IPTV illégale : le fisc récupère les noms de 4886 clients, le ministère prépare une loi pour les poursuivre

À en croire le SPF Économie, boîtiers Android TV, sticks TV et applications smart TV des clients ne seront plus en mesure de récupérer ces flux une fois les mesures de blocage appliquées par les fournisseurs d’accès à Internet (FAI), Google et Clouflare.

« Les mesures visent les noms de domaine de contournement, c’est-à-dire les redirections, sites miroirs, copycats ainsi que les noms de domaine/URL passerelle qui peuvent être identifiés », précise le SPF Économie. « Ces blocages permettent le blocage de l’accès aux flux et/ou des flux en fonction du type de blocage. »

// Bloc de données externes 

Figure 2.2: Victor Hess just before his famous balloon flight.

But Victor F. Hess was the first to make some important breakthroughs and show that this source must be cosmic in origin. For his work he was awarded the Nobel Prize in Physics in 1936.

Le tribunal de l’entreprise de Bruxelles saisi en urgence par la RTBF et RTL Belgium

Pour rappel, le service anti-piracy du SPF Économie est le bras armé du tribunal de l’entreprise de Bruxelles une fois celui-ci saisi en urgence « afin de prendre des mesures provisoires pour faire cesser une atteinte manifeste et considérable à un droit d’auteur, un droit voisin ou au droit d’un producteur de bases de données, commise en ligne. »

Saisi en urgence par la RTBF et RTL Belgium, dont chaînes et programmes se retrouvent dans les bouquets d’IPTV illégale, le tribunal a émis une ordonnance le 30 janvier 2026 visant à tordre le cou aux 5 services dénoncés.

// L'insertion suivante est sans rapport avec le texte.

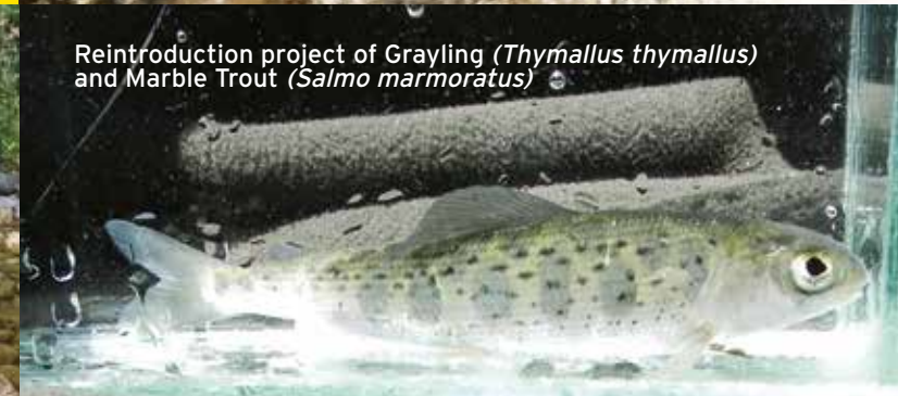
Reintroduction project of Grayling ( Thymallus thymallus ) and Marble Trout ( Salmo marmoratus )

Sur base de cette ordonnance, le service anti-piracy du SPF Économie a formulé le 12 février 2026 une décision qui définit les modalités d’application des mesures provisoires.

Une efficacité des mesures qui reste à démontrer

En coulisses, il se chuchote que l’efficacité réelle de ces mesures reste à démontrer. Généralement proches des milieux mafieux, les gestionnaires des réseaux d’IPTV illégale n’ont pas leur pareil pour contourner barrières et obstacles et rediriger leurs flux.

Traquer clones et copies des sites et des flux ne sera pas une mince affaire.